Clonogenic survival following UV-ICCM transfer.
Clonogenic survival was assessed in HCT116 p53 reporter +/+ cells that received UV-ICCM treated with RNase, UV-ICCM that was not treated with RNase, and CCCM which was not subjected to any exposure from secondarily-emitted UV. Fig 3A illustrates that RNase is effective in abolishing any negative cell killing effects that manifested in cells which received ICCM harvested from cells exposed to secondary UV radiation. Clonogenic survival in the RNase-treated population was not significantly different from that exhibited by the control cells receiving medium from non-UV-exposed cells (CCCM) (p = 0.972). In contrast, the receipt of UV-ICCM not treated with RNase was proven effective in reducing clonogenic survival significantly below the level of CCCM controls (p<0.0001).
(A) Clonogenic survival of HCT116 p53 +/+ reporter cells receiving RNase-treated UV-ICCM, UV-ICCM, or CCCM. Error bars represent SEM for a total of 18 replicates (3 replicates for each of 6 independent experiments) for the 0.5 Gy positive control and 0 Gy negative control, and 9 replicates (3 replicates for 3 independent experiments) for the RNase-treated 0.5 Gy group. (B) Clonogenic survival of HCT116 p53 +/+ reporter cells following treatment of the reporter cells with RNase-treated UV-exposed exosomes, UV-exposed exosome fractions (no RNase treatment), or non-exposed exosome fractions.

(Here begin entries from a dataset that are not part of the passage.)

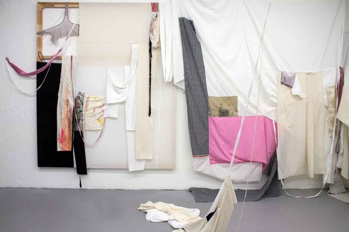 “Chrystie Street” combines a variety of fabrics – muslin, gingham, and pieces of clothing – attached to a wooden frame. There are fragments of lingerie, the arm of a T-shirt, and a handcrafted sock similar to that used in the suui dressing. In the front of her studio, Park has a pair of Singer sewing machines where she transforms with fabric the memory of lives, now flattened, stretched, and deconstructed.
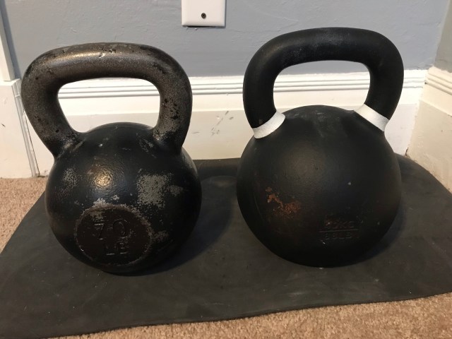 Effective, and affordable. After a couple months of walking back and forth to the fitness center each morning, I decided I would rather work out in my apartment. I bought a 35, 50 and 70 from the Walmart website, which offered free in-store pickup. Total cost was a little under $200. Later I popped for a legit 24 kg bell from Rogue, along with the next step in the progression in the series: the 40 kilo, which is just under 90 pounds. These bells, with shipping, set me back another $200 or so. That’s $400 all-in for seven years weight training. Less than five bucks a month. An absolute bargain.
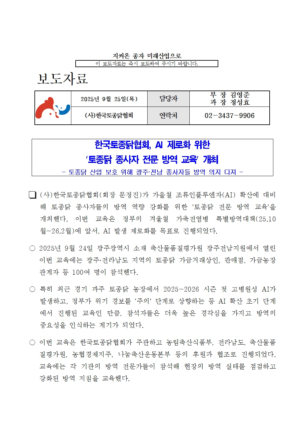 (250924) 한국토종닭협회, ai 제로화 위한 \'토종닭 종사자 전문 방역 교육\' 개최.hwp

Error bars represent SEM for a total of 18 replicates (3 replicates for each of 6 independent experiments) for the 0.5 Gy positive control and 0 Gy negative control, and 9 replicates (3 replicates for 3 independent experiments) for the RNase-treated 0.5 Gy group. (C) Mitochondrial membrane potential (assessed via the incubation of cells with JC-1 mitochondrial potential dye) of HCT116 p53 +/+ reporter cells receiving RNase-treated or non-RNase-treated exosome isolates extracted from ICCM or CCCM. Error bars represent standard error of the mean for 6 replicates tested for each of three independent experiments (18 replicates total). Letters (a,b,c) represent significant differences between treatments as assessed by 1-way analysis of variance; post-hoc testing assessed using Tukey’s HSD test at the 95% confidence level.

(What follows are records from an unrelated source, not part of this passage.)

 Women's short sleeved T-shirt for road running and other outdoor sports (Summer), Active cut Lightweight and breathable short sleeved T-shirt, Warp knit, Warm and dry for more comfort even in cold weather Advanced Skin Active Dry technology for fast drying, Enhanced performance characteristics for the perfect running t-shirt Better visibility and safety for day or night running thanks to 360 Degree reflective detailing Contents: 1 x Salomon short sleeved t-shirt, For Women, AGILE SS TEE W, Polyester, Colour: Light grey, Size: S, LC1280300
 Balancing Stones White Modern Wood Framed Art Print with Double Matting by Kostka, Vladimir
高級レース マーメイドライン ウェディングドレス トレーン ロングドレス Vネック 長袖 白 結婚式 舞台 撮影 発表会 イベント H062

Clonogenic survival following exosome transfer.
Clonogenic survival of HCT116 p53 +/+ reporter cells was assessed following addition of exosome fractions to the reporter cell cultures. Exosome fractions were either extracted from UV-ICCM and subsequently treated with RNase, extracted from UV-ICCM and not treated with RNase (positive control), or extracted from conditioned medium of cells that were not exposed to UV biophotons (negative control). Fig 3B indicates the effectiveness of RNase in preventing a reduction in clonogenic cell survival for those exosome fractions which were extracted from UV-ICCM. The RNase treatment of the UV-ICCM exosome fraction was found to produce a statistically similar survival level to the level observed in the non-UV-exposed control (exosomes from CCCM) (p = 0.840). RNase treatment of the UV-ICCM exosomes proved to significantly assuage the proportion of cells killed when compared to the exosomes extracted from UV-ICCM that did not receive RNase treatment (p<0.0001).
In order to confirm that the effects observed in the reporter cells were indeed attributed to the action of RNase upon exosomes and not the direct action of the RNase upon the cells, controls were conducted whereby RNase was added into a non-irradiated cell population and a cell population which was directly-exposed with tritium. The results of these controls showed that RNase did not abolish nor assuage the cell killing observed in cells that were directly exposed to beta radiation (Cells exposed to 857.5 μCi 3H: 51.9 ± 7.7%, cells exposed to 857.5 μCi 3H + RNase: 45.4 ± 5.8%; p = 0.76). Furthermore, the addition of only RNase into cells resulted in a survival rate of 93.3 ± 9.7%. Thus, RNase treatment of these non-irradiated cells did not affect cell survival significantly when compared to the survival of non-irradiated cells that were not treated with RNase (p = 0.80).
Clonogenic survival following exosome-depleted CCM transfer.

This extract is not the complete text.